Idea
Model delivering precise, scalable agricultural field boundary maps to enhance food security and supply chain transparency.
Research Paper
Core Innovation
This paper introduces Delineate Anything v2, a foundation model trained on a massive, multi-resolution dataset (FBIS-73M) spanning 61 countries. It addresses challenges like merged administrative parcels and weak physical boundaries through a resolution-specific data curation pipeline, achieving superior zero-shot generalization and fast execution suitable for national-scale deployment.
Why It Matters
Accurate field boundary delineation is critical for food security, carbon accounting, and supply chain transparency. This model reduces manual mapping effort and accelerates large-scale agricultural monitoring, enabling governments and organizations to make informed decisions efficiently. Its global scalability supports diverse geographies and complex field patterns.
Market Size (TAM)
$2–10B TAM for geospatial AI and agricultural mapping; $500M–$1B SAM from governments, agritech, and environmental sectors. Driven by increasing demand for food security monitoring and carbon accounting.

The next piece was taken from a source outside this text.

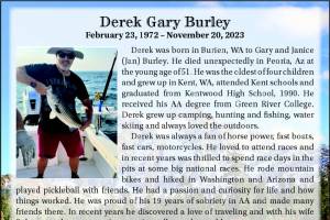 Derek Gary Burley died Nov. 20, 2023, at the age of 51.

Potential Customers & Pain Points
- Agricultural governments – Need accurate large-scale field maps
- Agritech companies – Require scalable boundary data for analytics
- Environmental agencies – Need precise land use data for carbon accounting
- Supply chain managers – Demand transparent crop sourcing data
Business Model
Open-source core model and dataset with paid premium services including customized mapping solutions, API access, and national-scale vector boundary products.
Competitive Landscape
- Segment Anything Model (SAM)
- Delineate Anything v1
- Descartes Labs
- Planet Labs
Implementation Challenges
- Integration with diverse satellite and aerial imagery sources
- Adoption resistance due to existing manual or legacy mapping workflows
- Data privacy and regulatory compliance across countries
Validation Strategy
- Deploy pilot projects with government agricultural agencies for national mapping
- Partner with agritech firms to integrate model outputs into analytics platforms
- Conduct comparative studies against existing mapping tools in diverse geographies
Research Paper Overview
Delineate Anything v2: A Global Foundation Model for Field Delineation
Summary
Delineate Anything v2 is a scalable foundation model for accurate large-scale agricultural field boundary mapping, trained on a 73-million-instance dataset across 61 countries. It improves zero-shot generalization and execution speed, enabling rapid national and global-scale field delineation with superior accuracy over prior models.